◆ Input records:
----------
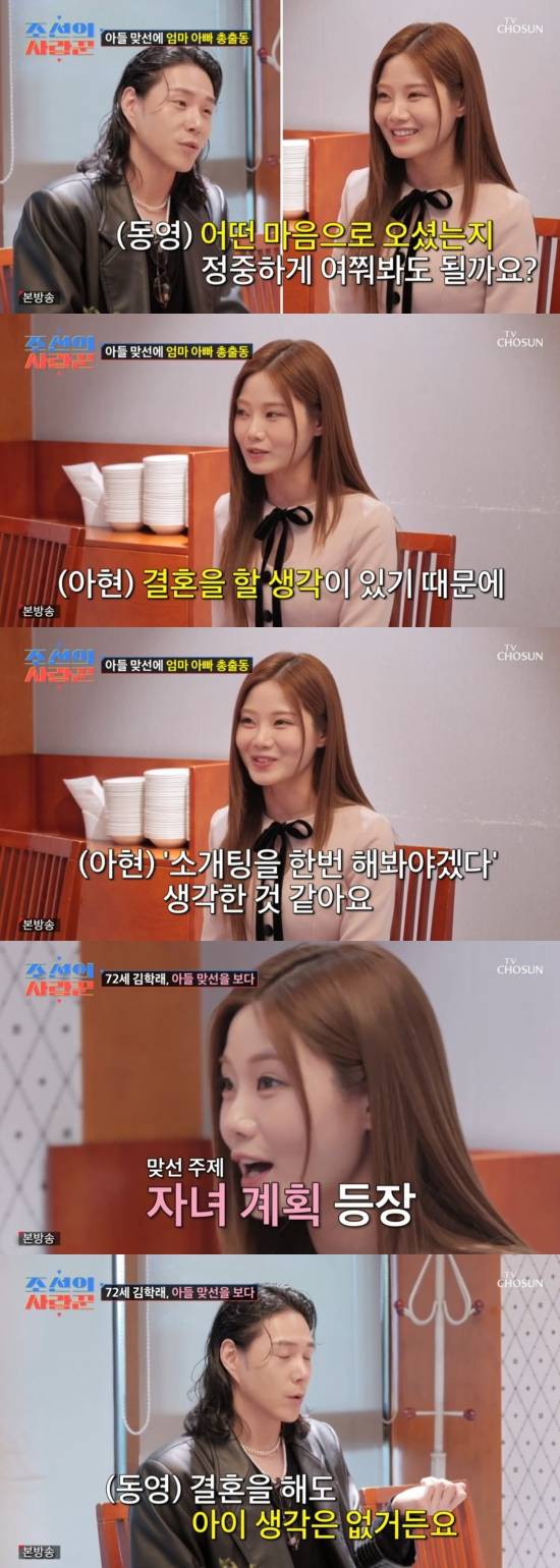 12일 방송된 TV조선 '조선의 사랑꾼'에서는 김학래와 임미숙의 아들 김동영이 배아현과 김나희와 맞선을 보는 장면이 전파를 탔다.
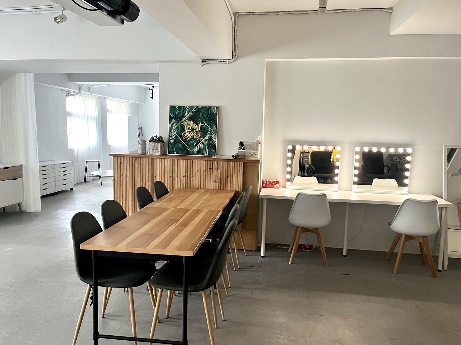 近新北新莊 棒球場 米洛克攝影棚位於新北棒球場旁 ❤️好停車🅿️ 棒球場停車場 💗有電梯🛗 沒有很大🤣 此棚自由陳設好變化 不管 居家客廳 『電視櫃、沙發、書櫃、吧台』 居家臥室 『單人床、單人沙發』 簡易工作室 『辦公桌、白板、辦公用具』 素背景『多色素牆、多色背景紙』 全棚為一個大空間 僅開放一組人租借 —————————————————– 費用說明 NT$1,000/1hr 『最少四小時起租』 無計算人頭費 垃圾自行帶走『需我方處理則收NT$500清潔費』 110V供電不另行收費 220V 供電(自行拉電箱)收費NT$2,000/1班(8hr內) 位置:新北市新莊公園路『棒球場旁』
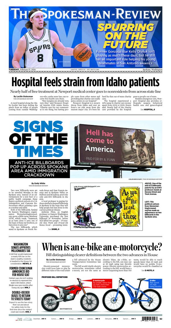 - Sign of the times: A slew of anti-ICE billboards has gone up around Spokane amid Trump immigration crackdown
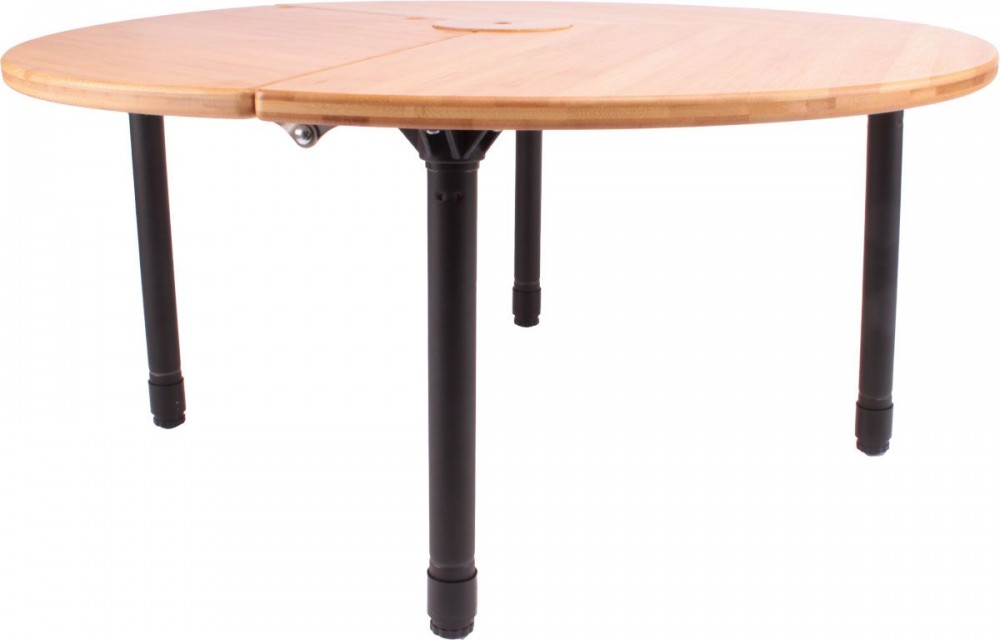 Tento kulatý stůl vyrobený z bambusu a hliníku má desku, kterou lze složit na tři části. Snadno se nastavuje, demontuje a přepravuje. Matně černý rám lze nastavit do dvou výšek díky prodlužovacím nohám. Stůl se dodává v praktické úložné tašce.
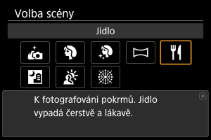 Režim [] (Jídlo) použijte pro pořizování kulinářských fotografií. Fotografie budou jasné a budou vzbuzovat chuť k jídlu. Na snímcích pořízených pod wolframovým světlem bude rovněž potlačen červený nádech daný zdrojem světla, atd.
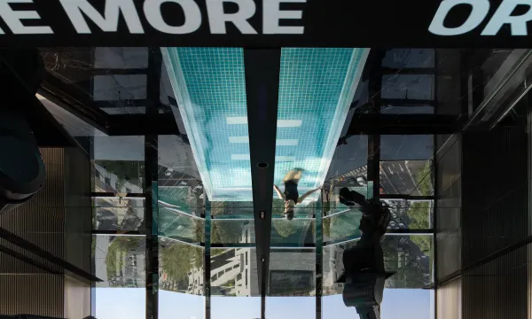 ✅ 赛博大堂:暗黑系设计+机械臂+超大景观泳池,科技感拉满,随手拍都是未来感大片
----------
◆ Problem details:
Exactly the lines from the line containing "- Sign of the" to the end of the records need to be copied, both ends included, with pictures left out.

◆ Solution below:
 - Sign of the times: A slew of anti-ICE billboards has gone up around Spokane amid Trump immigration crackdown
 Tento kulatý stůl vyrobený z bambusu a hliníku má desku, kterou lze složit na tři části. Snadno se nastavuje, demontuje a přepravuje. Matně černý rám lze nastavit do dvou výšek díky prodlužovacím nohám. Stůl se dodává v praktické úložné tašce.
 Režim [] (Jídlo) použijte pro pořizování kulinářských fotografií. Fotografie budou jasné a budou vzbuzovat chuť k jídlu. Na snímcích pořízených pod wolframovým světlem bude rovněž potlačen červený nádech daný zdrojem světla, atd.
 ✅ 赛博大堂:暗黑系设计+机械臂+超大景观泳池,科技感拉满,随手拍都是未来感大片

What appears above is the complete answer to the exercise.